E mi fanno incazzare tutti questi luoghi comuni sulle donne che fanno sesso per far piacere ai loro uomini, sulle femmine che se fosse per loro eviterebbero ma poi per compiacere e via discorrendo, mi fanno incazzare ancora di più tutti i maschi che proprio questo vanno cercando, la bambola passiva preoccupata solo del fatto che essi, come si dice qua, finiscano.
Mi fanno incazzare tutti questi maschi occidentali che vengono a scoparsi le bambole di carne e non si fanno una domanda che sia una. E mi fanno incazzare le bambole di carne. E non capisco dove stia l’inghippo, dove si trovi il nodo.

Dove devo andare a tagliare con le mie forbici? con chi devo prendermela? ha senso che parli di educazione sessuale con tutte le donne che conosco con l’unico risultato di essere presa per una pazza volgare con tendenze alla prostituzione? Tutto questo mi fa incazzare e mi fa sentire terribilmente impotente.
Poi finisce che una sera sono a cena in mezzo a una colonia di canadesi e non so manco come ci sono finita, canadesi maschi e canadesi femmine, io l’unica non canadese, dunque tutti mi spiegano come si mangia il tacchino coi lamponi, o forse no, coi mirtilli insomma mi spiegano e sono gentili e a un certo punto mi rendo conto che ci sono diverse persone nella stanza che mi guardano come se io fossi attraente, cazzo, come se io fossi una donna attraente, mi guardano e mi desiderano, probabilmente in una maniera assai più che superficiale ma è chiaro che mi desiderano, e improvvisamente io mi scopro di nuovo attraente e mi incazzo ancora di più, porca miseria, perchè mi rendo conto di essere caduta in uno di quei profondissimi burroni culturali, mi incazzo ancora di più perchè mi rendo conto che sono settimane, mesi, che nessuno mi guarda così, e soprattutto mi incazzo ancora di più perchè questi stronzissimi canadesi hanno tutti i calzini di spugna bianchi e corti e io non ho nessuna voglia di scopare con uno coi calzini di spugna, bianchi e corti, porcamiseria.

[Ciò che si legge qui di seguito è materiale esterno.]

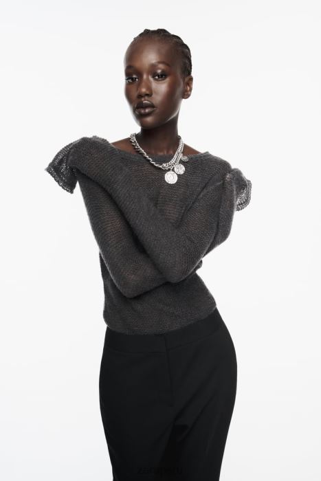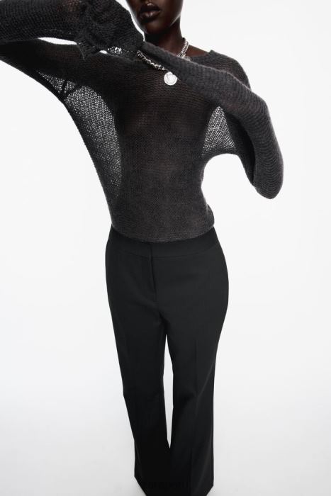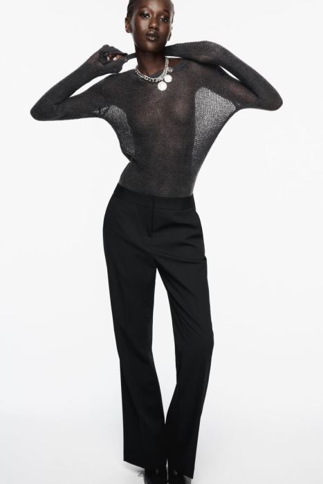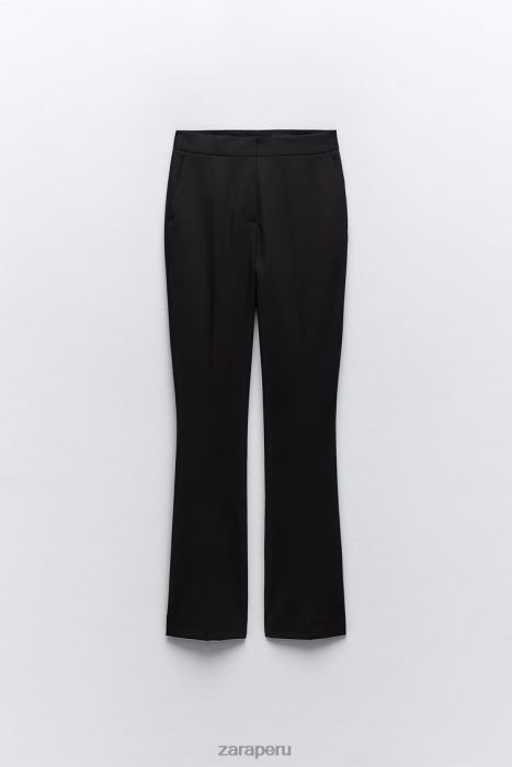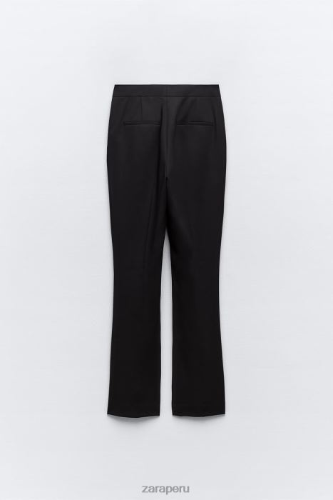 Pantalón de tiro alto con bolsillos delanteros y falsos bolsillos traseros de vivo. piernas acampanadas. Cremallera frontal, gancho metálico y cierre interior con botón.

Poi succede che finisce pure il weekend e io mi rendo conto che senza averci capito una cippalippa sono finita nel turbinio di una città dove siamo tutti di passaggio. Ma questo del passaggio è un concetto difficilissimo che si merita un altro post. Allora adesso vado a elaborare una metafora per spiegare ai miei amici il concetto di “pressione sociale”.